Most estate planning attorneys take on the responsibility of holding their clients’ original wills and other documents. They do this for two reasons. First, they are often better equipped to keep the originals safe where they can be found when needed. Second, there’s the hope that when the time comes, the client’s family will return and engage the attorney or her firm to help probate the client’s estate. Many law firms see their file cabinets as goldmines, or at least as insurance that they’ll always have business in the future. This is especially the case, since many charge very low fees for preparing estate plans and higher fees for assisting with probate administration.
But this practice of holding original documents raises a number of questions that are seldom asked and answered. These include the following:
- How long must the law firm hold the original will? The answer is indefinitely, unless the firm and the client have another agreement. I started the predecessor firm of Margolis & Bloom in 1987, 33 years ago, and we still have some wills and other documents dating back three decades. We have to hold them secure, even though we have long lost track of the clients. Some years ago, we saw the light and we now have an agreement that we may dispose of original documents if we have not had contact with a client for 10 years, despite our efforts to reach out.
- Do lawyers have an obligation to find out when a client has died? The answer is no. In smaller towns, where the lawyer is likely to hear about a client’s death, they will let the family know that they hold the original documents. If lawyers do hear about a client’s death and are not retained to assist with the probate administration, they must file the will with the appropriate probate court within 30 days of the client’s death. However, absent knowledge of his death, they have no obligation to be searching death records for all their clients to find out if they’ve passed away.
- Must lawyers offer to hold original wills and other documents? No. And increasingly, lawyers are not offering this service. It turns out that it can be more trouble than it’s worth. We, for instance, have many fireproof safes holding original documents for clients we haven’t seen in decades. Not being in a small town and given that people move around a lot, often moving to be close to children and grandchildren in later years, few of these files will turn into future business. Increasingly, lawyers and law firms decide that they do not want to take on the liability and expense of storing original documents for their clients, especially as in all other ways, they are going paperless.
- What happens to original wills when a lawyer retires? If the lawyer is part of a bigger firm, the firm will continue to hold the original documents. But we’ve seen many solo practitioners move their will files to their garages, continuing to supply the originals when requested for as long as they can (except for the several months a year they’re in Florida). Ultimately, in these cases, the retired attorney passes away and his spouse or children discard the files if they can’t find another firm to take them on. When the partners of Russell, McTernan, McTernan & Fruci decided to retire a few years ago, they took the responsible step of getting in touch with us. They ultimately merged with Margolis & Bloom and we now hold their will files.
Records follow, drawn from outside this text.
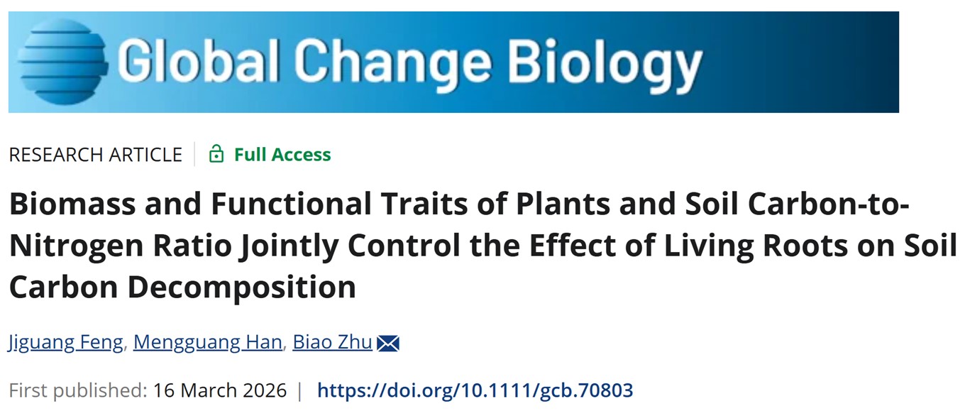 近日,ok138cn太阳集团529冯继广研究员和朱彪特聘教授在根际激发效应的全球格局与驱动机制方面取得重要进展,相关成果以“Biomass and functional traits of plants and soil carbon‐to‐nitrogen ratio jointly control the effect of living roots on soil carbon decomposition”为题发表于Global Change Biology期刊上。冯继广研究员为论文第一作者,朱彪特聘教授为通讯作者,东北林业大学韩孟光教授为论文合作作者。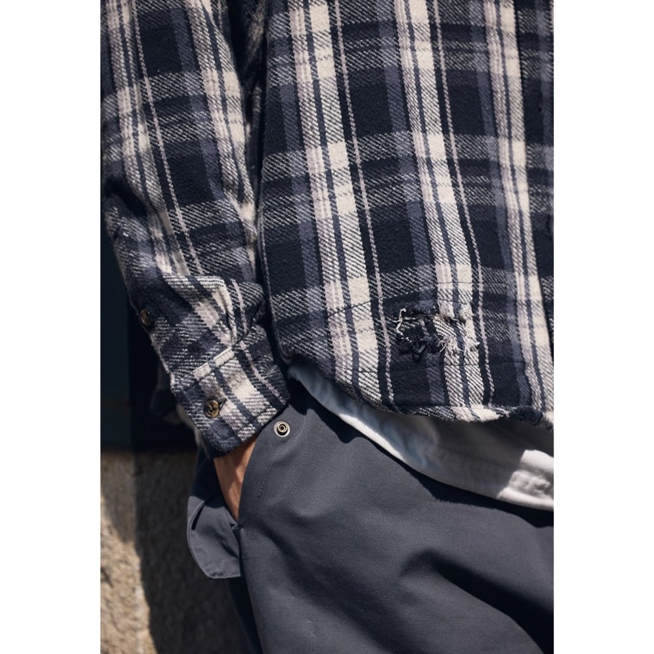 インナーにTシャツやロンTを合わせるだけで簡単にレイヤードスタイルが完成。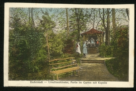 Ursulinenkloster, Partie im Garten mit Kapelle |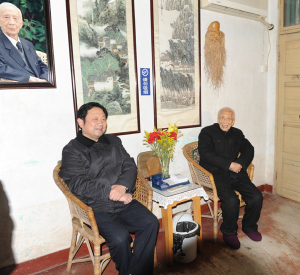 1月11日下午,黄山市委副书记程迎峰,市委常委、组织部长张永,市政协副主席、市委统战部部长杨震来我校看望慰问民主党派离休教授黄澍、秦效成,我校副院长胡家俊随同慰问。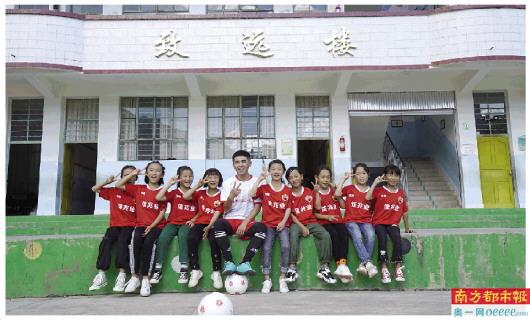 支教老师周锦杭与穿着深足球衣的女足队员们。 南都记者 丰臻 摄

In our office, to limit the profusion of paper files, we now only store the original wills and an original durable powers of attorney for clients. Copies of other original documents, such as trusts and health care proxies, generally work as well as originals, so it’s less vital that we hold them for safekeeping. In fact, even wills are often less important than they were in the past as people avoid probate through trusts, beneficiary designations and joint ownership.